Thank you for your time and effort on this. I really do appreciate it. I also really do appreciate the time, effort and expertise that has gone into all the TKL apps, not least the LAMP stack. 

I understand the basic trade offs between ease of use and security - I don't reuse passwords and only know a handful of my actual passwords, leaving a heavily encrypted password manager to handle the rest, and yes I know that has issues of its own, but that's the trade off I make for convenience.

Having said that, is it not considered a security issue to log in as root? SFTP files as root? From my admittedly limited experience with Linux, everything I've ever read boils down to "never use root".

However, I believe there are more people out there (designers learning a bit more of the development side) that would benenfit more from even a simple notice regarding default permissions as you have described above. Something on the LAMP stack page that says:

Coming from Shared Hosting or a Windows background?

In order to have a "standard FTP account" please create a new user with www-data group priviledges (2 minute guide) and change the permissions on your /var/www directory (2 minute guide). Now you SFTP to the LAMP stack appliance (2 minute guide) just as you are used to with your Windows or Shared Hosting servers.

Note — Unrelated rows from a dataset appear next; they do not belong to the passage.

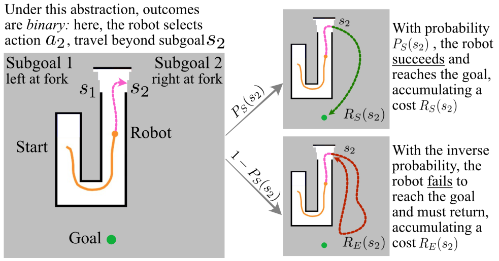 1 Use the reliable-by-design model-based LSP planning abstraction2 Create a graph representation for non-local information and use a graph neural network (GNN) for learning to inform good behaviorLSP uses high-level action abstraction to navigate long-horizon efficiently under uncertainty. This model-based planning abstraction alleviates the computational requirements of POMDP planning. For LSP planning, actions available to the robot have binary outcomes of either reaching the goal and incurring a success cost or failing and accumulating exploration cost.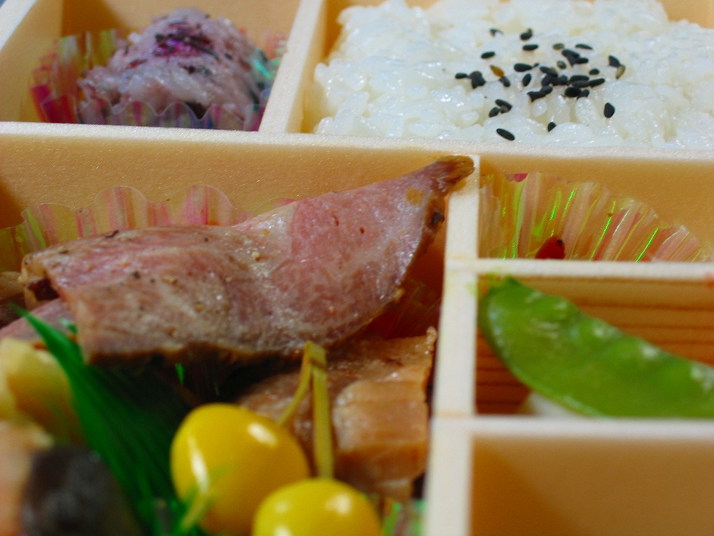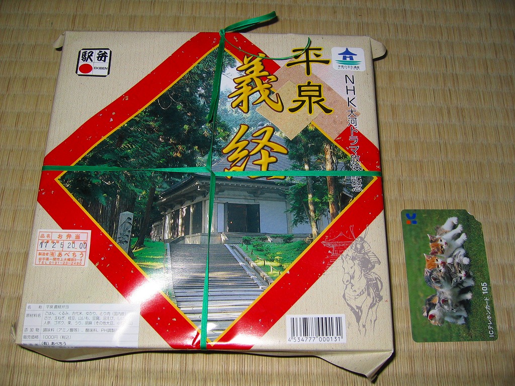 2005(平成17)年のNHK大河ドラマ「義経」放送に合わせて発売か。長方形の容器に木目調の紙のふたをかけ、お品書きと割り箸をのせて、平泉の春の藤原祭りの写真を印刷した掛紙で包んで赤い紙ひもでしばる。中身は古代米の俵飯に白御飯、霜降り具合が見える前沢牛ローストビーフ、他にサンマ昆布巻やホタテ甘辛煮や海老天や鶏照焼に煮物各種などと、デザートのミニおはぎ。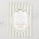 Featuring watercolor sage stripes, a leafy oval frame, and a delicate ribbon bow, this design is calm, minimalist, and beautifully gender-neutral.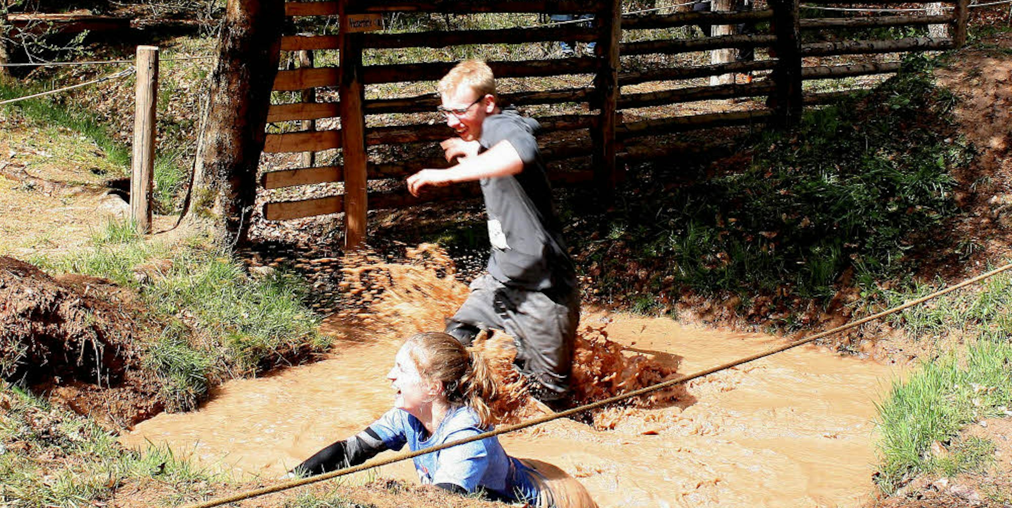 Überwindung gehört dazu: Ein Team nach dem beherzten Sprung in die Schlammkuhle, die einen Meter hoch mit Wasser gefüllt ist.
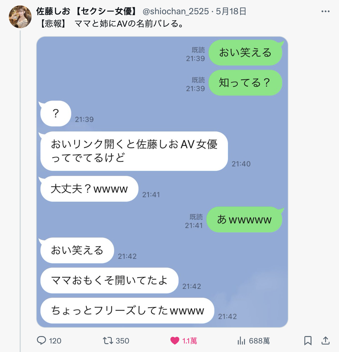 经纪公司ACT所属的企划女优「佐藤しお(佐藤汐)」是在自己的X(https://x.com/shiochan_2525)贴出Line的对话,姊姊是直球对决地说打开了某个抖音的连结有个名叫佐藤しお(佐藤汐)的AV女优: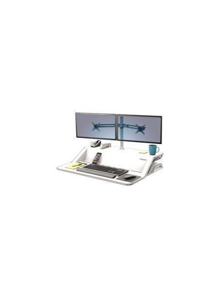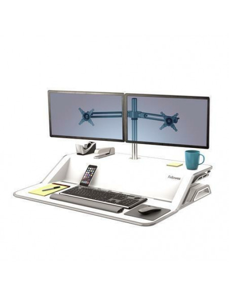 Suporte para monitor duplo Fellowes 8042901, na cor prateada, feito de aço. Ideal para estações de trabalho Lotus?, este suporte permite uma organização eficiente do espaço de trabalho.

I wouldn't mind betting there are several people in my position who have tried out the LAMP stack as a replacement for their dev environment and just given up because of the "broken" defaults or lack of information as to how to quickly and easily change it to what they're used to.

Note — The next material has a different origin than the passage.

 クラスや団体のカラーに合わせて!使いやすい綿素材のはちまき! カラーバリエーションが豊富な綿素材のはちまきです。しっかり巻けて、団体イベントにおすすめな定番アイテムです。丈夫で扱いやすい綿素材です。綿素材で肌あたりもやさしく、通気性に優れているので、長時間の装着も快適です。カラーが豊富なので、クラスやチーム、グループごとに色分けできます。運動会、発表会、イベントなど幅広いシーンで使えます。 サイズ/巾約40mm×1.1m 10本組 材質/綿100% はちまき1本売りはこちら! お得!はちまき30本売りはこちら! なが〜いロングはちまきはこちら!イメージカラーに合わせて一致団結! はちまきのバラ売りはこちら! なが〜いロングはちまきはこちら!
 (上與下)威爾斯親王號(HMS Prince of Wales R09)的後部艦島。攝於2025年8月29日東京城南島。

Even with making it "less secure" with these changes, I think it will be an overall win since people will beusing SFTP as you so rightly mention.

Eh, I guess I'm just so impressed with how slick the TKL stuff is in general (with Webmin, phpMyAdmin, SSH, SFTP all as standard), that it really feels clunky having to have use root for SFTP (which breaks the simple install of one of the most popular blog/CMSs) and then change the ownership (I know it's only one simple command) on the recently uploaded files.

Would still be great to get some input from someone intimately involved with the creation of the LAMP stack though.

I apologise if any of this comes across as ungrateful, I'm really, truly not. I am just trying to help make things better for other less experienced users like myself. Afterall, the hard-core can look out for themselves as they already have the knowledge they require ;)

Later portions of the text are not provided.